**ABOUT THIS TASK:** Among the entries below, copy only the span from the line containing "Dat mengsel wordt" through the line containing "Agenzia immobiliare QualityCASA". Do so exactly, and skip the pictures.

------ GIVEN RECORDS

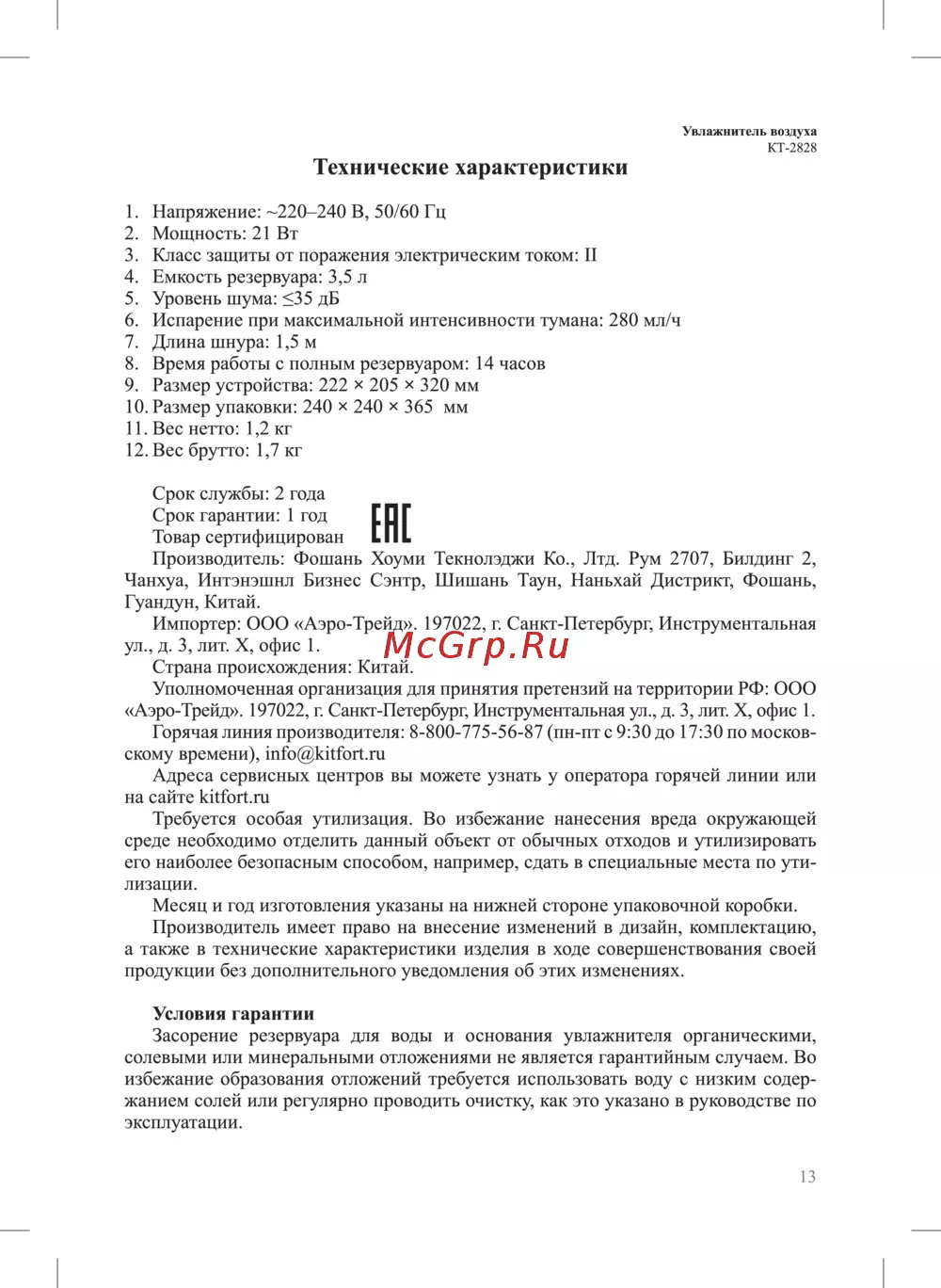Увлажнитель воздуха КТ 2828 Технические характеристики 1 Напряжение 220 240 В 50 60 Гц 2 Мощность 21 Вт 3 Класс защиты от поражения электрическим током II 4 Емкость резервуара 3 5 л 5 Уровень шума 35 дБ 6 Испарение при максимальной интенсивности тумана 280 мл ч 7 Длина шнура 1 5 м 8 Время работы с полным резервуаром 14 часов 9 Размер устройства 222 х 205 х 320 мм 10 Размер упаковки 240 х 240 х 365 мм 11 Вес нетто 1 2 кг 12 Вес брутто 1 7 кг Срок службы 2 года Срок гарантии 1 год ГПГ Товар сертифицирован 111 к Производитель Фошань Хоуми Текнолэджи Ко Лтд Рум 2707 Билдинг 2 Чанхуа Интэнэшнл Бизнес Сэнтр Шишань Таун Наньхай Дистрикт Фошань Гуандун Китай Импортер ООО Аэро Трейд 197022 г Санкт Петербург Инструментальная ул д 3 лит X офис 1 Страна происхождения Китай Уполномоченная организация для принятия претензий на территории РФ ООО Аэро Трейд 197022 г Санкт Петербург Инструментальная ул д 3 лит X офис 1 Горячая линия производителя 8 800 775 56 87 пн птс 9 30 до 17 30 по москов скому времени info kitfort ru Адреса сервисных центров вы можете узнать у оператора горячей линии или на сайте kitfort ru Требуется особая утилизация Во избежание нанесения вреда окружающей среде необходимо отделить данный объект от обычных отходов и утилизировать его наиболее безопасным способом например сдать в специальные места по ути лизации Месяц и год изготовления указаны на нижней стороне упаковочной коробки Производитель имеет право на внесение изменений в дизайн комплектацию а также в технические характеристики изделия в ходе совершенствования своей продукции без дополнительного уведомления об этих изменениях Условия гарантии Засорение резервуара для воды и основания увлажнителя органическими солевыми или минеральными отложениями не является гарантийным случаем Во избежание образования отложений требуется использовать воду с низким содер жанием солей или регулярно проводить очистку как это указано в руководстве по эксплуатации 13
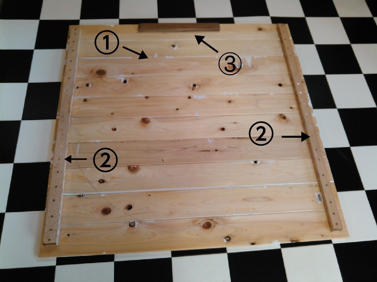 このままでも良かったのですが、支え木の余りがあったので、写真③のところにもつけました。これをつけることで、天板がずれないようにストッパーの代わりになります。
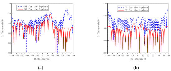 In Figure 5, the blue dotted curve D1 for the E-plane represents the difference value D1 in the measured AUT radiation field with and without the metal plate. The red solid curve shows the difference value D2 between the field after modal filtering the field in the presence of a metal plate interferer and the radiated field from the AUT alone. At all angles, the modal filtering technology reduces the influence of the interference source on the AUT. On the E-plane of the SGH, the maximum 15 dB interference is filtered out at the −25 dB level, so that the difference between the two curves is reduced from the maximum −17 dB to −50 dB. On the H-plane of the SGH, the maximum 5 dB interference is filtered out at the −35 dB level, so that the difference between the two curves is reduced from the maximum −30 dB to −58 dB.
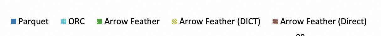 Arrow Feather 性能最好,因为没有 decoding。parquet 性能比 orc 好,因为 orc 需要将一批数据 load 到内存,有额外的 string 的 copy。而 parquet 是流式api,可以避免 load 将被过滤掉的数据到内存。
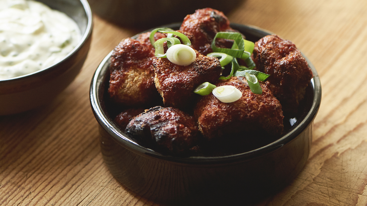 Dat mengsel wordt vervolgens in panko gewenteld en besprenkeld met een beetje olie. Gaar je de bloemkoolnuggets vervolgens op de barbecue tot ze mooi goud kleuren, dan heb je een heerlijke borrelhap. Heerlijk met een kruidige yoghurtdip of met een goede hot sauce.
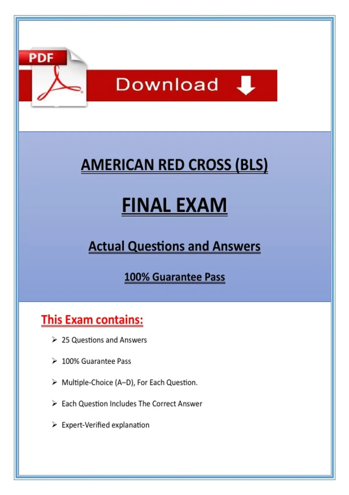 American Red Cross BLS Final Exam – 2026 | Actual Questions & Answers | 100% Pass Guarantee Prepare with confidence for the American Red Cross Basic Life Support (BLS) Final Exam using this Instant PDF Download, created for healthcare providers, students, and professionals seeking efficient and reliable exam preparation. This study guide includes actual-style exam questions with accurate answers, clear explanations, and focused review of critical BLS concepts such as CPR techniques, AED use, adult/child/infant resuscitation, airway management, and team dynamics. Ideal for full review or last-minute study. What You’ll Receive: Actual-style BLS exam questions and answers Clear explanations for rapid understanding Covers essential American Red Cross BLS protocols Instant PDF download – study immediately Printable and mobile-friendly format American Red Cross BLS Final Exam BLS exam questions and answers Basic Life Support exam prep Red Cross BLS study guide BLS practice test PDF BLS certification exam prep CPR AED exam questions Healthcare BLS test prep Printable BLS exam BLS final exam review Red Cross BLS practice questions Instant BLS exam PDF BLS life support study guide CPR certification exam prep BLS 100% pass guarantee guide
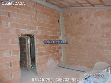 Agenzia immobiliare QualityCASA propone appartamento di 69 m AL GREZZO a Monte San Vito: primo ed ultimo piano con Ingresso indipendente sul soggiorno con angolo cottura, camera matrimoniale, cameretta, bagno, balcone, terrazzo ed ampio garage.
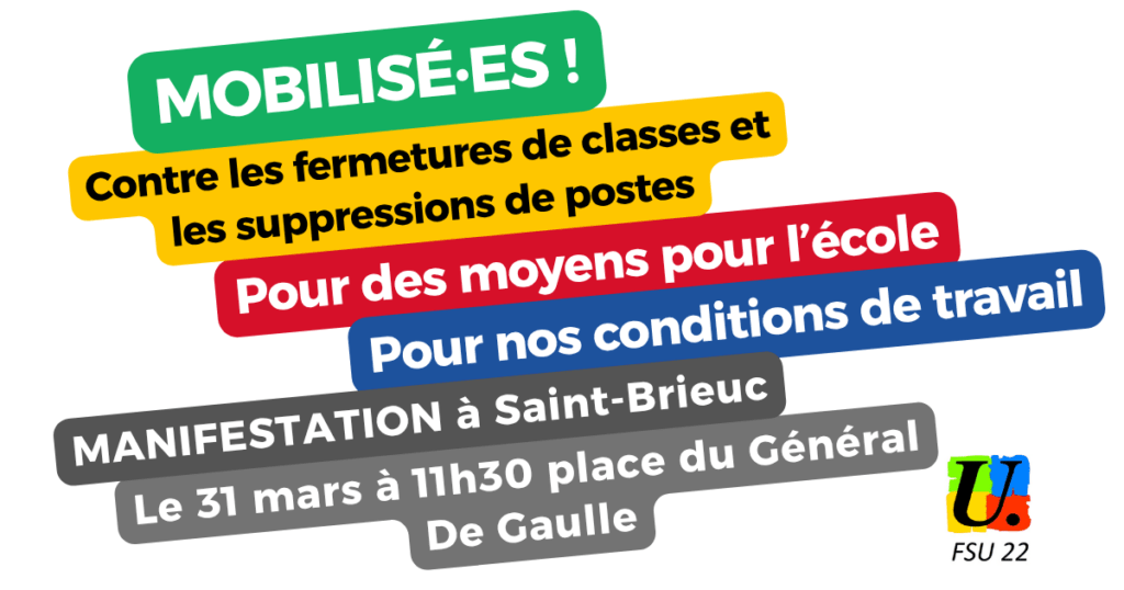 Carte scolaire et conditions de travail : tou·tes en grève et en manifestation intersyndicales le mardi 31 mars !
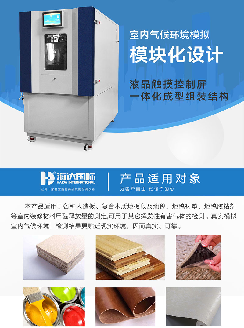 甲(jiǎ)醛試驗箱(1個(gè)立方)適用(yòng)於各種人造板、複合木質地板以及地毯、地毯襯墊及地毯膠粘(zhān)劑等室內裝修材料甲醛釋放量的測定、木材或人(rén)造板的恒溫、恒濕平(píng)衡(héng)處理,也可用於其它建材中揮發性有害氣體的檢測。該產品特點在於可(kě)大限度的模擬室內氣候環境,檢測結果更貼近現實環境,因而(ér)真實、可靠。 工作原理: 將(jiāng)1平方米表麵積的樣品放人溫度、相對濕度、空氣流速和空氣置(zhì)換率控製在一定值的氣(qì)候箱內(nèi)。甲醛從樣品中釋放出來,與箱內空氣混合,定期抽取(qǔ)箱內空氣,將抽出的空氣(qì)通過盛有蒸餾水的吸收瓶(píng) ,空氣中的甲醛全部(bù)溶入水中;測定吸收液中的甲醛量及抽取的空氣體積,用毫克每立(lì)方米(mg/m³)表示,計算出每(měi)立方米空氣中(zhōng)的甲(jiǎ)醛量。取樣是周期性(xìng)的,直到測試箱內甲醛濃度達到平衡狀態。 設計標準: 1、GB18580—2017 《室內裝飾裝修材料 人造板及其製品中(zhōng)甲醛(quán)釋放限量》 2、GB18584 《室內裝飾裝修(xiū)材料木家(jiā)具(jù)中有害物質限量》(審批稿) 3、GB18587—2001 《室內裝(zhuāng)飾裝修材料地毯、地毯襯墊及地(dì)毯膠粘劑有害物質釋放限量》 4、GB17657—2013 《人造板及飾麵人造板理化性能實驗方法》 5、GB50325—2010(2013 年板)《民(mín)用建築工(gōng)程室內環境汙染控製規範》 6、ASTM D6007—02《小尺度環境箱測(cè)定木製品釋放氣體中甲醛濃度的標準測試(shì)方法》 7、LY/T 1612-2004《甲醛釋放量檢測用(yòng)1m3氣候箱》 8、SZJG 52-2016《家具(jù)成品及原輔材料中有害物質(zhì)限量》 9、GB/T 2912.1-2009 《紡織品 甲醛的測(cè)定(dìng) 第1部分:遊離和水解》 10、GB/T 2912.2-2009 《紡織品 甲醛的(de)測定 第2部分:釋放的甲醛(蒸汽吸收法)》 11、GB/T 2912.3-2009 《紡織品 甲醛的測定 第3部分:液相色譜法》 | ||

------------

**RESULT BELOW:**
 Dat mengsel wordt vervolgens in panko gewenteld en besprenkeld met een beetje olie. Gaar je de bloemkoolnuggets vervolgens op de barbecue tot ze mooi goud kleuren, dan heb je een heerlijke borrelhap. Heerlijk met een kruidige yoghurtdip of met een goede hot sauce.
 American Red Cross BLS Final Exam – 2026 | Actual Questions & Answers | 100% Pass Guarantee Prepare with confidence for the American Red Cross Basic Life Support (BLS) Final Exam using this Instant PDF Download, created for healthcare providers, students, and professionals seeking efficient and reliable exam preparation. This study guide includes actual-style exam questions with accurate answers, clear explanations, and focused review of critical BLS concepts such as CPR techniques, AED use, adult/child/infant resuscitation, airway management, and team dynamics. Ideal for full review or last-minute study. What You’ll Receive: Actual-style BLS exam questions and answers Clear explanations for rapid understanding Covers essential American Red Cross BLS protocols Instant PDF download – study immediately Printable and mobile-friendly format American Red Cross BLS Final Exam BLS exam questions and answers Basic Life Support exam prep Red Cross BLS study guide BLS practice test PDF BLS certification exam prep CPR AED exam questions Healthcare BLS test prep Printable BLS exam BLS final exam review Red Cross BLS practice questions Instant BLS exam PDF BLS life support study guide CPR certification exam prep BLS 100% pass guarantee guide
 Agenzia immobiliare QualityCASA propone appartamento di 69 m AL GREZZO a Monte San Vito: primo ed ultimo piano con Ingresso indipendente sul soggiorno con angolo cottura, camera matrimoniale, cameretta, bagno, balcone, terrazzo ed ampio garage.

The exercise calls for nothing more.